When conducting a partial scan, the detection region determining unit 25 uses face region information supplied from the subject detector 26 as a basis for determining detection regions used to detect faces in the image pyramid 43. The face region information expresses face regions (i.e., regions where faces exist) in a past shot image that precedes the shot image to be subjected to the partial scan by one frame.
In other words, when conducting a partial scan, the detection region determining unit 25 may determine the partial scan detection regions to be the regions that contain the face regions indicated by the face region information supplied from the subject detector 26, for example.
In addition, when conducting a partial scan, the detection region determining unit 25 may also determine the partial scan detection regions to be the regions that contain the face regions detected by the immediately preceding partial scan.

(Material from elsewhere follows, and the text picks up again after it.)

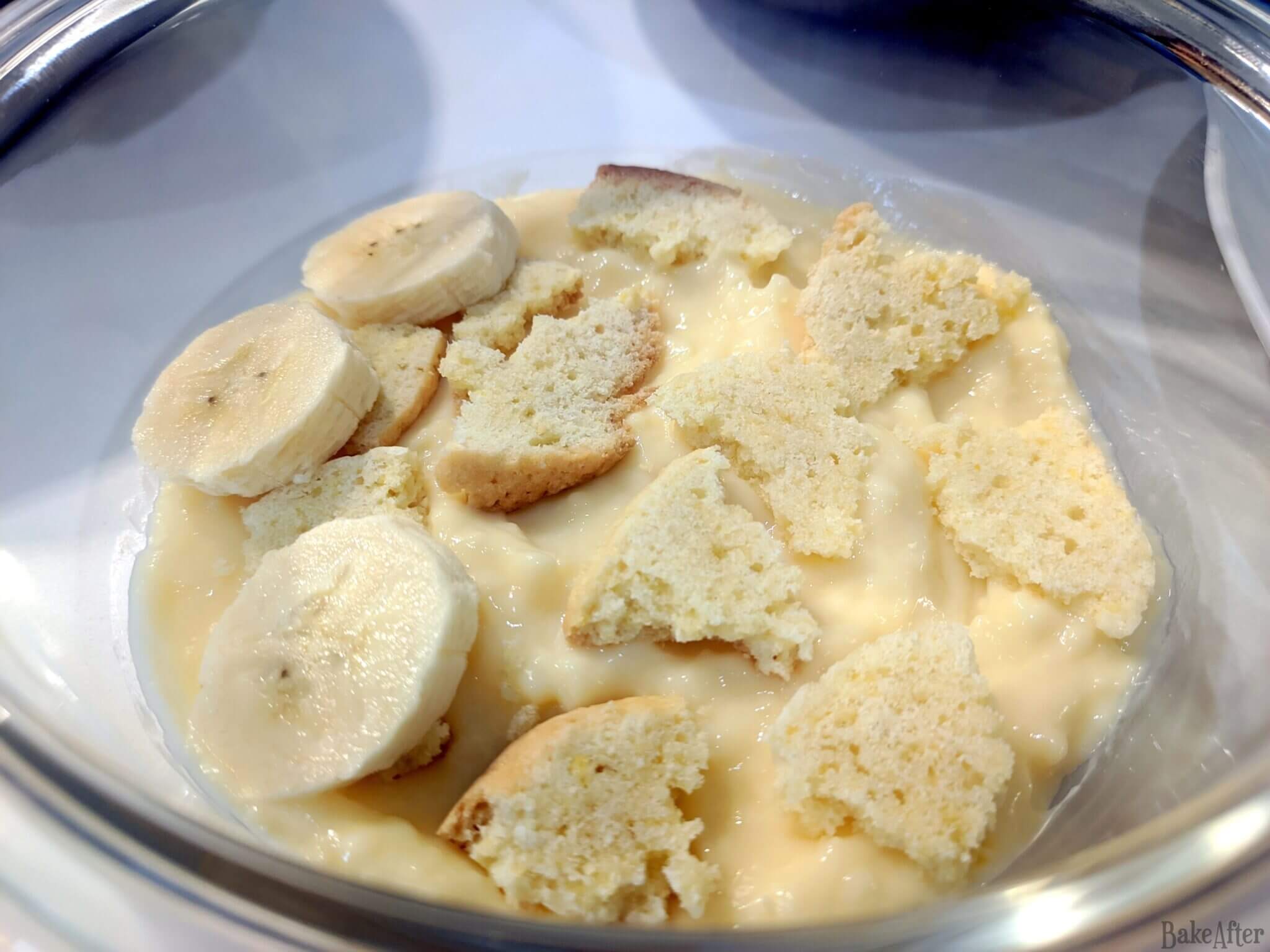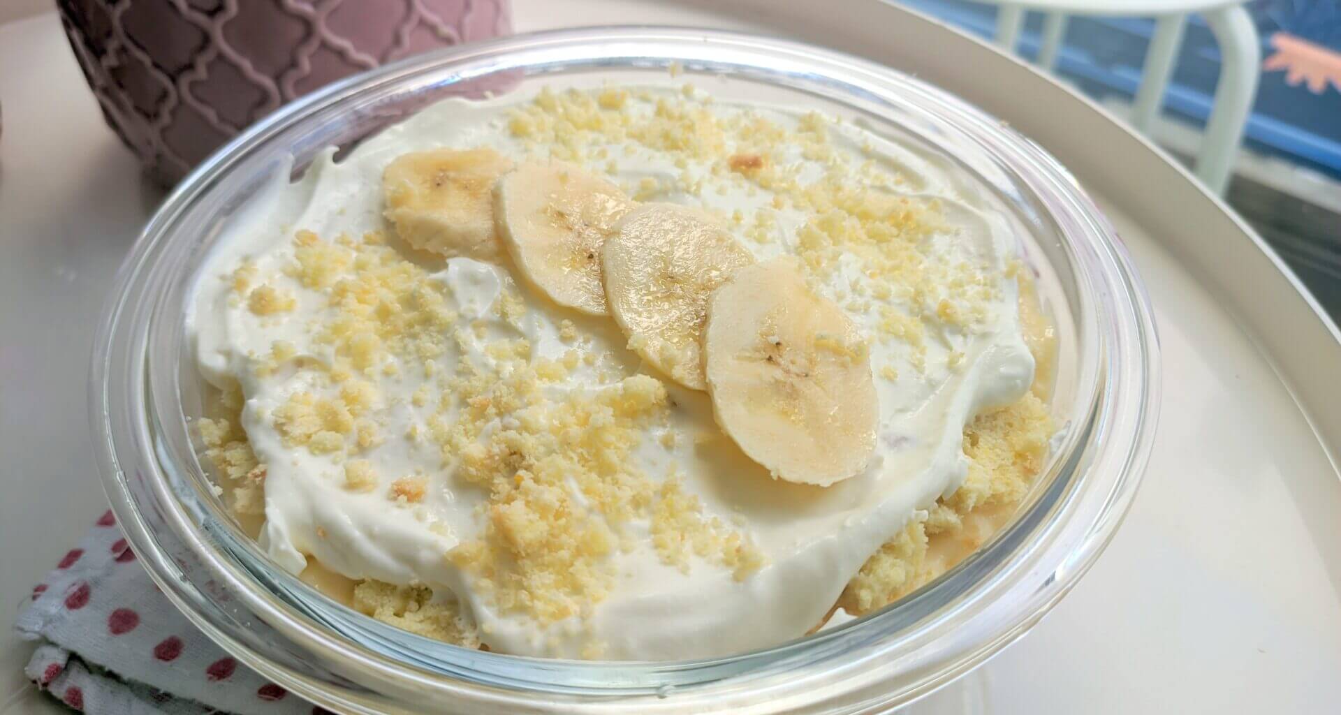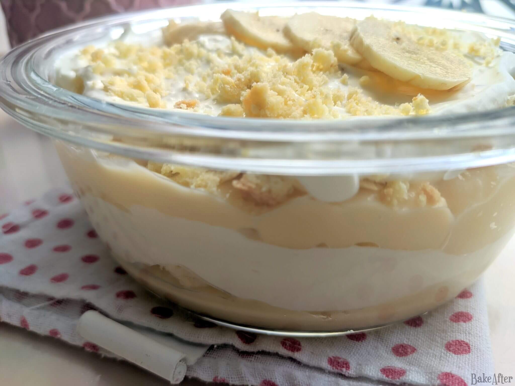 - Finally, just assemble it. I made pudding/cookie/banana/whipped cream layers until I had 3 layers. I finished the top with whipped cream, crushed cookies sprinkled on top, and a few slices of banana, and it’s ready to serve. Or you can put it back in the refrigerator. It will keep well for 1 day in the refrigerator, but any longer than that and you risk the banana starting to oxidize. Enjoy!

Exemplary Determination of Full Scan Detection Regions

FIGS. 5A and 5B illustrate one example of the detection region determining unit 25 determining full scan detection regions on the basis of estimation results from the camera position estimator 24.
Consider the example wherein, on the basis of the estimation results from the camera position estimator 24, the detection region determining unit 25 determines that the orientation of the camera 21 is fixed in a particular direction. Furthermore, assume that the particular direction of the camera 21 has been determined. In this case, the full scan detection regions are determined according to the orientation of the camera 21.
In this example, the detection region determining unit 25 has determined that the orientation of the camera 21 is the state shown in FIG. 5A. Within the imaging range 61 of the camera 21 (i.e., the range delimited by the two lines extending from the camera 21), almost all human faces will exist in the central range 62. Utilizing this parameter, the detection region determining unit 25 determines the detection region within the image pyramid 43 to be the central range 62 (i.e., the region corresponding to the central range 62).
More specifically, consider the example wherein a human face existing in the spatial range D1 is set as the target face to be detected. In this case, the detection region for the central range 62 in the spatial range D1 (i.e., the region corresponding to the central range 62) is determined to be the region 62-1 within the pyramid image 43-1, as shown in FIGS. 5A and 5B.
Consider another example wherein a human face existing in the spatial range D2 is set as the target face to be detected. In this case, the detection region for the central range 62 in the spatial range D2 is determined to be the region 62-2 within the pyramid image 43-2, as shown in FIGS. 5A and 5B.
Consider another example wherein a human face existing in the spatial range D3 is set as the target face to be detected. In this case, the detection region for the central range 62 in the spatial range D3 is determined to be the region 62-3 within the pyramid image 43-3, as shown in FIGS. 5A and 5B. Meanwhile, the detection region for the spatial range D4 is similarly determined to be a region within the pyramid image 43-4.
The detection region determining unit 25 then supplies the subject detector 26 with detection region information, which expresses the detection regions (such as the detection regions 62-1 to 62-3, for example) that have been determined with respect to the image pyramid 43.
Returning to FIG. 2, the subject detector 26 reads out a face detection template from the dictionary storage unit 27. Subsequently, the subject detector 26 conducts a process to detect faces using the template that was read out. The face detection process is conducted with respect to detection regions within the image pyramid 43 from the image pyramid generator 22. The detection regions are determined on the basis of the detection region information from the detection region determining unit 25.
The face detection process conducted by the subject detector 26 will be later described in detail with reference to FIG. 7.
The dictionary storage unit 27 stores face detection templates in advance, in the form of a full scan template and a partial scan template.

Exemplary Template

FIGS. 6A and 6B illustrate one example of a full scan template and a partial scan template.
As shown in FIG. 6A, the dictionary storage unit 27 may store a simple dictionary in advance. In the simple dictionary, respective templates are associated with each of a plurality of combinations of genders and ages, with each template expressing a frontal image of an average face for persons matching the corresponding combination of parameters.
As shown in FIG. 6B, the dictionary storage unit 27 may also store a rich tree dictionary in advance. In the tree, respectively different facial expressions are each associated with a plurality of templates that express images of average faces with the corresponding facial expression viewed from multiple angles.
Meanwhile, a simple dictionary is used when conducting a full scan. In addition to face detection, the simple dictionary is also used to detect face attributes that do not change from shot image to shot image. Such attributes may include the person's gender and age, for example. The rich tree dictionary is used when conducting a partial scan. In addition to face detection, the rich tree dictionary is used to detect attributes that (may easily) change from shot image to shot image. Such attributes may include the facial expression, for example.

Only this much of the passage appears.